Simply put, Alien Front Online is a fervent tank battle action game. Think of a stripped down Twisted Metal, with less and smaller arenas, not nearly as many weapons, and online play that allows you to play as either the aliens or Army humans. The only thin point of the game is the replay value. Featuring only 6 stages, the fun of the game might dry out after a couple dozen of hours spent battling online. This basically is a button mashing game, which doesn't mean a game of this type can't be fun, but don't expect depth of RPG-like caliber. Keep in mind that this was originally an arcade game, and as far as other arcade game ports go, this will most likely gather dust on your shelf after a month, if not less. And if you will not spend your time playing this game online, do not even think of picking this up, the offline portion is very basic (but that's why this is called Alien Front ONLINE...)
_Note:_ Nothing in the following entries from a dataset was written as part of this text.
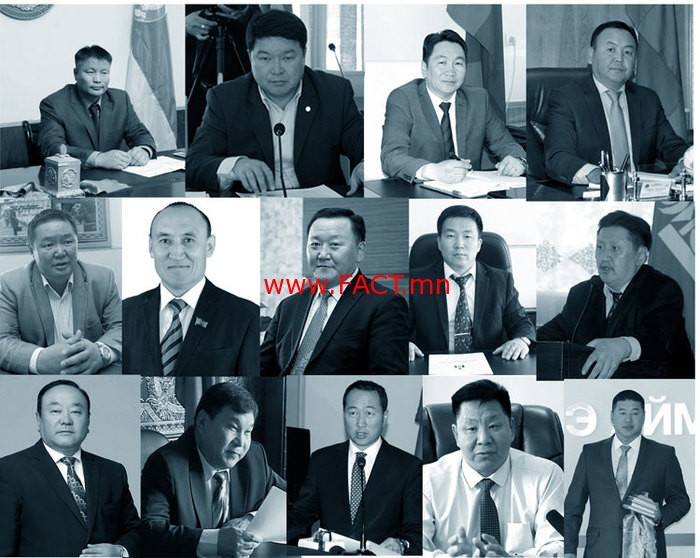 Дорноговь аймгийн Засаг дарга Т.Энхтүвшин “Бэл капитал” ХХК-ийн 50, “Сайхан улаан оргил” ХХК-ийн 49, “Бурхант тал” ХХК-ийн 50 хувийг, Сүхбаатар аймгийн Засаг дарга З.Энхтөр “Амэ трэйд” ХХК-ийн 16.67, “Аргил сувд” ХХК-ийн 33.3, “Аядекс” ХХК-ийн 25 хувийг, Хэнтий аймгийн Засаг дарга Н.Ганбямба “Жонон даатгал” хоршооны 51, “Жонон холдинг” ХХК-ийн 100 , Санхүү бизнесийн “Жонон” дээд сургуулийн 100 хувийг, Баян-Өлгий аймгийн Засаг дарга А.Гылымхан “Тулпар” ХК-ийн 75, “Жарменке” ХХК-ийн 100, “Нур” ХХК 100 хувийг эзэмшдэг ажээ.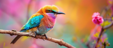 A vibrant bird with multicolored feathers rests on a branch amid soft pink flowers. The setting captures a moment of tranquility in nature, showcasing rich hues.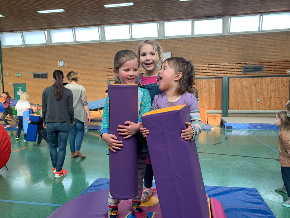 Gerade in den ersten Lebensjahren ist die motorische Entwicklung enorm wichtig – und die wird hier ganz spielerisch gefördert. Da werden Schaumstoffwürfel gestapelt, Hula-Hoop-Reifen geschwungen und Hüpfberge erobert. Und ganz nebenbei üben sich die kleinen Weltentdecker in Rücksichtnahme und gegenseitiger Hilfe.

The controls are very simplistic, with X for changing the view (of which there are two), A for firing the primary weapon, B for firing the power-up weapon, and Y activating the mic chat. The back triggers are used for strafing, which is an exceedingly efficient technique when used properly. There is also the obvious health bar, and a map to guide you around the area and help you out in annihilating the opponent scum. After booting up the disc, the game menu gives you a choice of 3 game modes, Online, Tactics and Arcade. Of course, as with any online game, practicing offline for a couple of minutes is recommended.
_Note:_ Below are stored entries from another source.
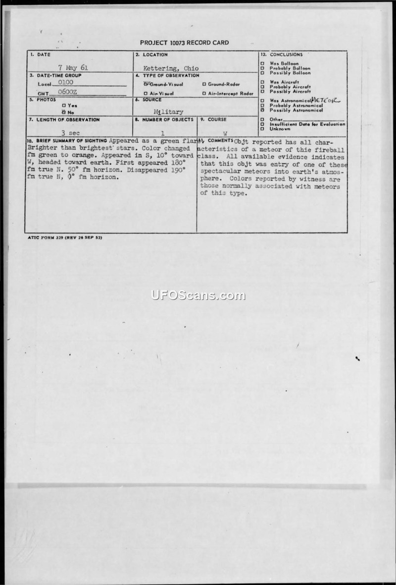 Project 10073 Record Card — Kettering, Ohio, 7 May 1961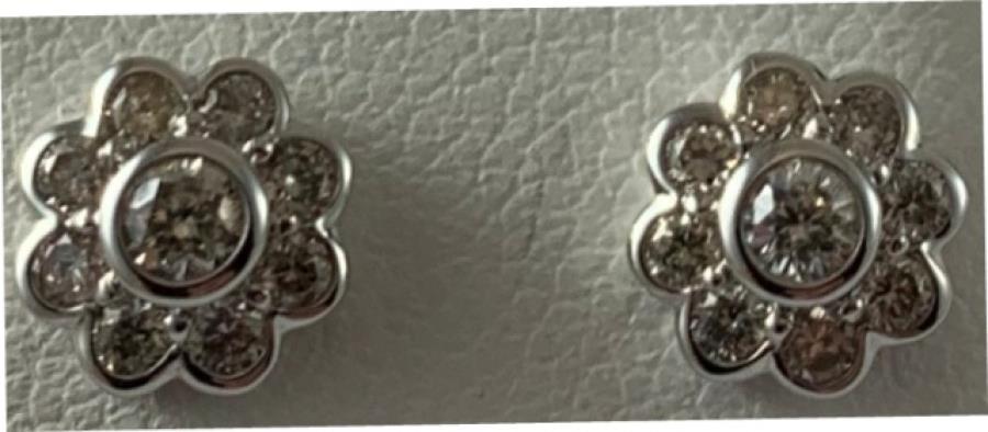 Paire de boucles d'oreilles Fleurs en or blanc ornées de 2 diamants ronds 0.10 carat dans un entourage de 16 diamants 0.25 carat. Fermoirs poussettes belges poids 1.3 g
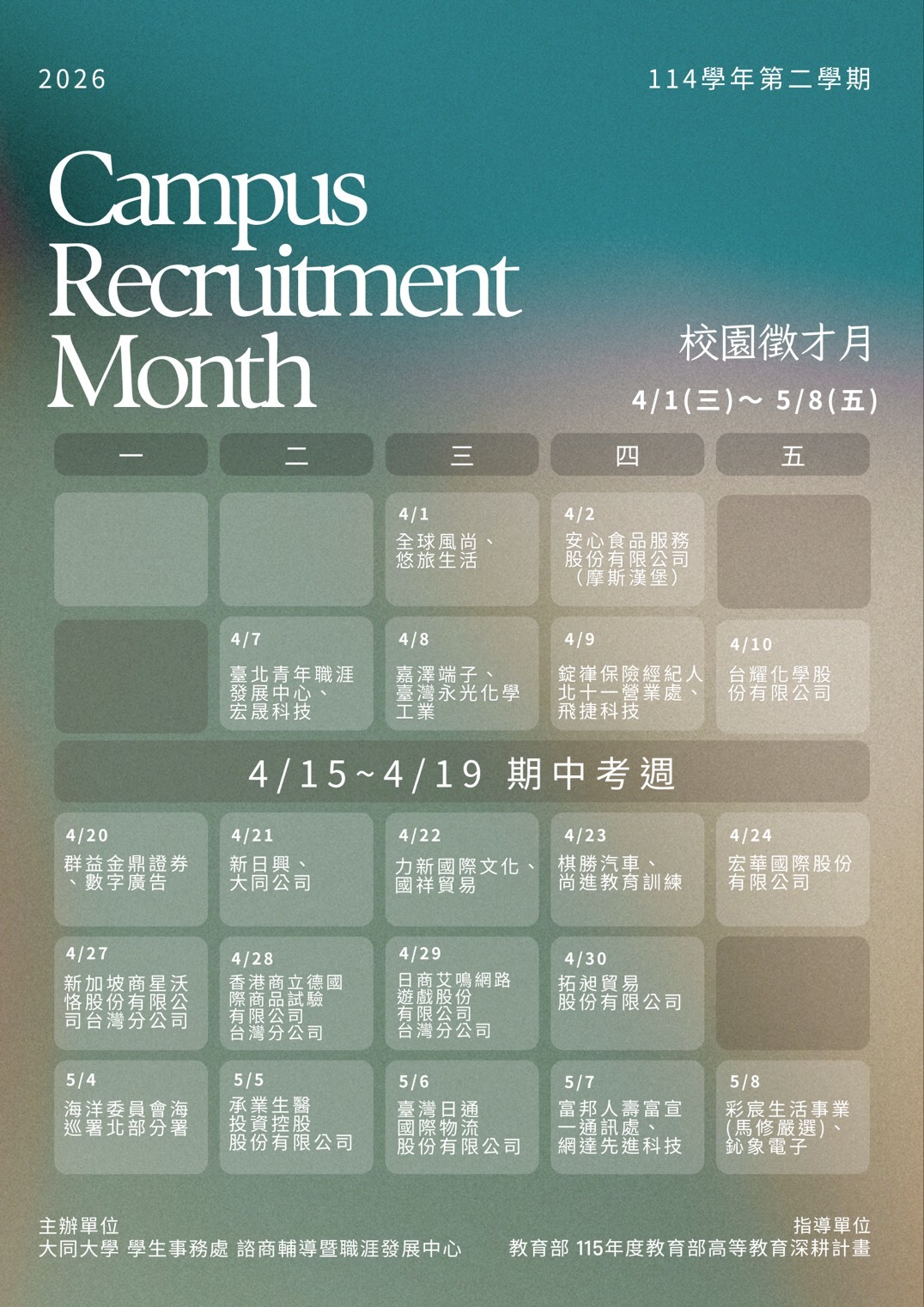【活動訊息】115年校園徵才月開跑!歡迎同學們踴躍參與,積極了解市場需求!(駐地廠商持續更新中)
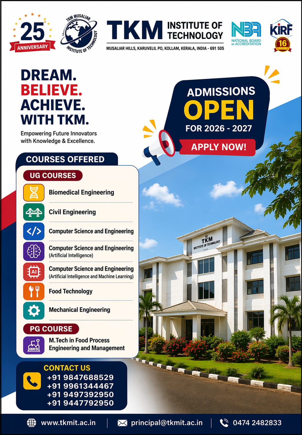 For more details contact: 9847688529, 0474 – 2482833, 2482083 (Office).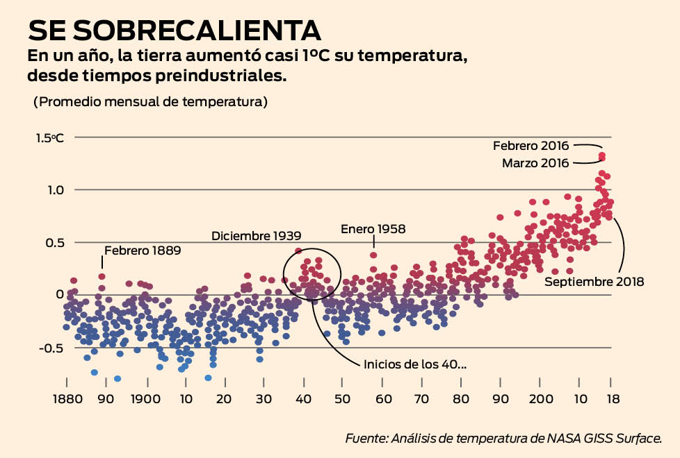 Una serie de desastres naturales e incendios forestales destacaron este año: el mundo se calentó 1°C desde los tiempos preindustriales. De acuerdo con un informe de la ONU en octubre, incluso 2°C de calentamiento tendrían consecuencias devastadoras para la tierra en un futuro.

The game lets you control one of three vehicles on each side, for a total of six. Each of the three has it's weaknesses and strengths. For example, the smallest tank is the fastest, but has the weakest armor, but the largest is a sluggish giant with seemingly impenetrable armor. Both sides seem to be pretty well balanced, although it does seem like the aliens have a slight advantage (the alien hovercraft is intensely speedier than it's army counterpart). Also, each side has 8 different special weapons that are dropped by killed enemies. These vary in purpose, and some can be greatly useful, often wiping out a multitude of enemies.
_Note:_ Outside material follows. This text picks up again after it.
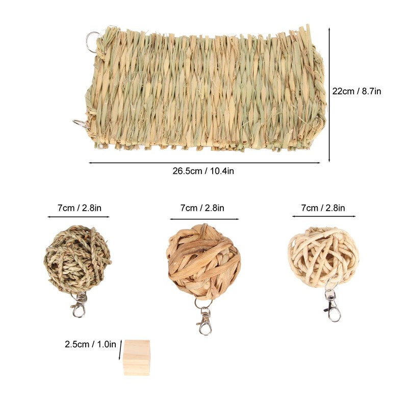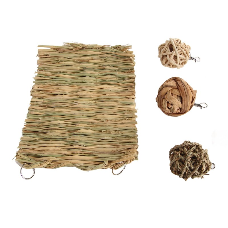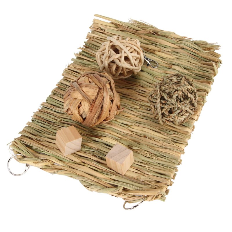 - Detachable and easy to install: Our grass bed mat is detachable and the mat can be used separately, making it very convenient for you to clean and replace. It also comes with a fixing rings that can be hung on the top or side of the cage, and the toys can be fixed by hooks. You can easily install and remove the mat and the toys without any tools or hassle.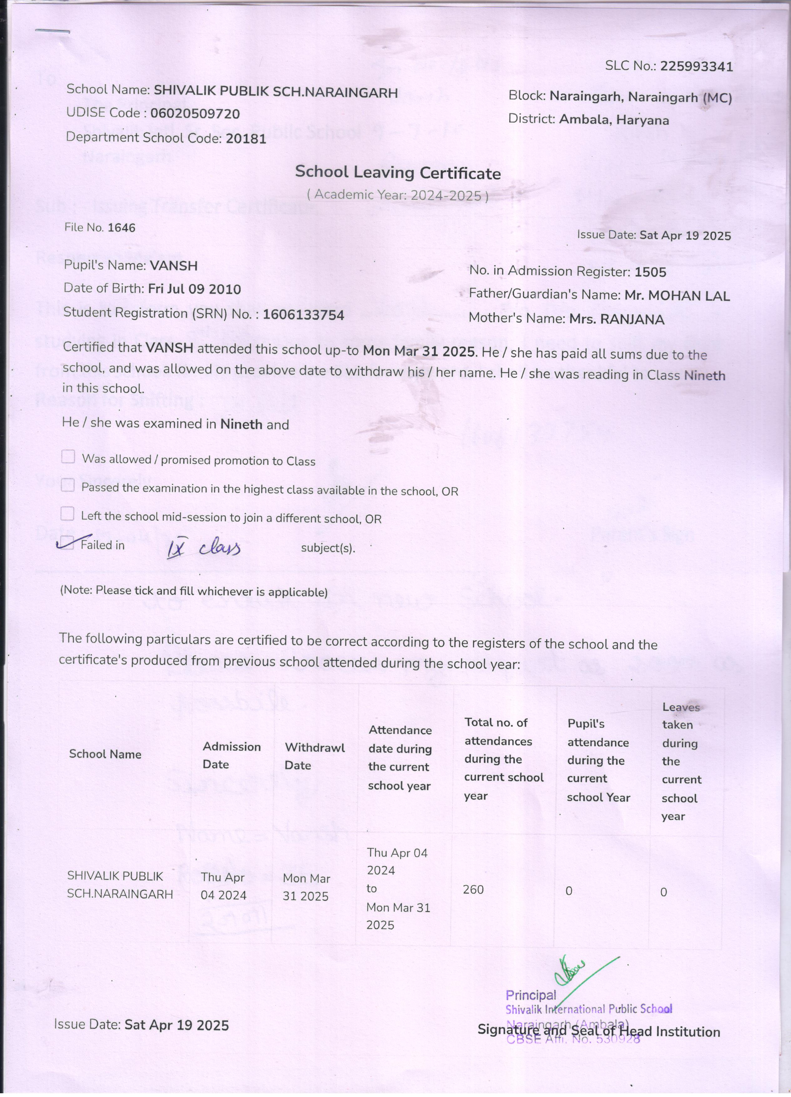 77 1505 VANSH MOHAN LAL 2024-25 Attachment

The first mode, Arcade, is just what it sounds like, the exact version of the game that was in arcades a couple of years ago. You choose which side you want to play as, choose your tank/vehicle, and start blowing up everything in sight. You keep on playing until you use up all three continues you're provided with, given that you actually want to play through the arcade mode that long, since it does get monotonous pretty fast. Afterwards, you can check your score against competitors online (given that you connected to the server previously), but this is unfortunate, since Game Shark users have already ruined the fun.

Tactics mode is the more deeper side of the game. Here you will find 30 different challenging tasks that reward you with surprisingly good full-motion-videos after beating a set number of missions. The challenges are assorted, ranging from something simple as knocking down 40 cones that are set up in the arena, to killing 20 army tanks. The game mentions that this mode has branching story lines, but they're very bare-bones, if you can even call them that. Each side has different missions/FMVs, so if you want to do everything this game has to offer, you will need to complete all 60 training exercises. Unfortunately, these ''exercises'' require a high proficiency, so some people might be turned away from finishing all of these.

As for the real basis of the game, Wow Entertainment has managed to handle it surprisingly well. Originally designed to be compatible online with the arcade versions of AFO, this idea has since been dropped, probably due to the loss of popularity of the game in arcades since it's initial release. Once you start up and connect, you will be at the online screen. You can view your game rank, join an ongoing game, or change over from the army to the alien side. A disappointment about the online portion of the game is the lack of a chat lobby, which makes it harder to set up a game with fellow online gamers. As for actual online gameplay, you have a choice of three online-exclusive modes. The first is the common deathmatch mode, which requires you and your team to score as many kills against the opposing team within the 240 second time limit. Capture the flag colors opposing teams with red and blue, and places a flag on each side of the arena. Whichever teams held on to their flag the longest wins after the timer has ended. The last, and least popular, mode is called Fortress. This mode places one side on the defense, which has to protect the building (''fortress'') and the other on the offense, which has to destroy all 4 enemy gates to end up victorious. Between these, you can also choose how many people are allowed to play in your game, up to a combination of 4 vs 4.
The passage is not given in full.